Problem description ::
In the data below, find the line that contains "Sekoita kerma, munat, sulatettu" and the line that contains "性能不设限体验区:如果你是性". Copy both, plus every line between them, exactly.

Task input ::
○ ○ ○ ○ ○ ○ ○
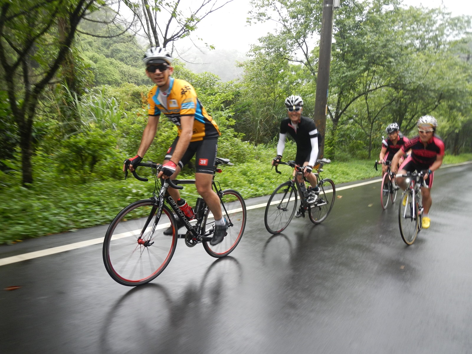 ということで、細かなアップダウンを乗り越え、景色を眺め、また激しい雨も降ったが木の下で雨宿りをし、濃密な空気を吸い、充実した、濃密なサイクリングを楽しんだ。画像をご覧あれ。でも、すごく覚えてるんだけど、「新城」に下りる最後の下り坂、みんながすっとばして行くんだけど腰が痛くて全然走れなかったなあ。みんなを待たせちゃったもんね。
○ ○ ○ ○ ○ ○ ○
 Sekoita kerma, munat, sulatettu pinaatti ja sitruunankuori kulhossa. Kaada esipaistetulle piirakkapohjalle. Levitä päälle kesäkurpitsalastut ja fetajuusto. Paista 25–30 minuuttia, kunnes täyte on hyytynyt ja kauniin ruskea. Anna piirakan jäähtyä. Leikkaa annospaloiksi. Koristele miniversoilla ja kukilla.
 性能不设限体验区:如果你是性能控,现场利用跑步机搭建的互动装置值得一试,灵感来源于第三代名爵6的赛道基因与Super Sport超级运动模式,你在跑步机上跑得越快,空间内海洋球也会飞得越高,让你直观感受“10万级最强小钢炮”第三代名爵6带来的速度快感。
○ ○ ○ ○ ○ ○ ○
Solution for this exercise ::
 Sekoita kerma, munat, sulatettu pinaatti ja sitruunankuori kulhossa. Kaada esipaistetulle piirakkapohjalle. Levitä päälle kesäkurpitsalastut ja fetajuusto. Paista 25–30 minuuttia, kunnes täyte on hyytynyt ja kauniin ruskea. Anna piirakan jäähtyä. Leikkaa annospaloiksi. Koristele miniversoilla ja kukilla.
 性能不设限体验区:如果你是性能控,现场利用跑步机搭建的互动装置值得一试,灵感来源于第三代名爵6的赛道基因与Super Sport超级运动模式,你在跑步机上跑得越快,空间内海洋球也会飞得越高,让你直观感受“10万级最强小钢炮”第三代名爵6带来的速度快感。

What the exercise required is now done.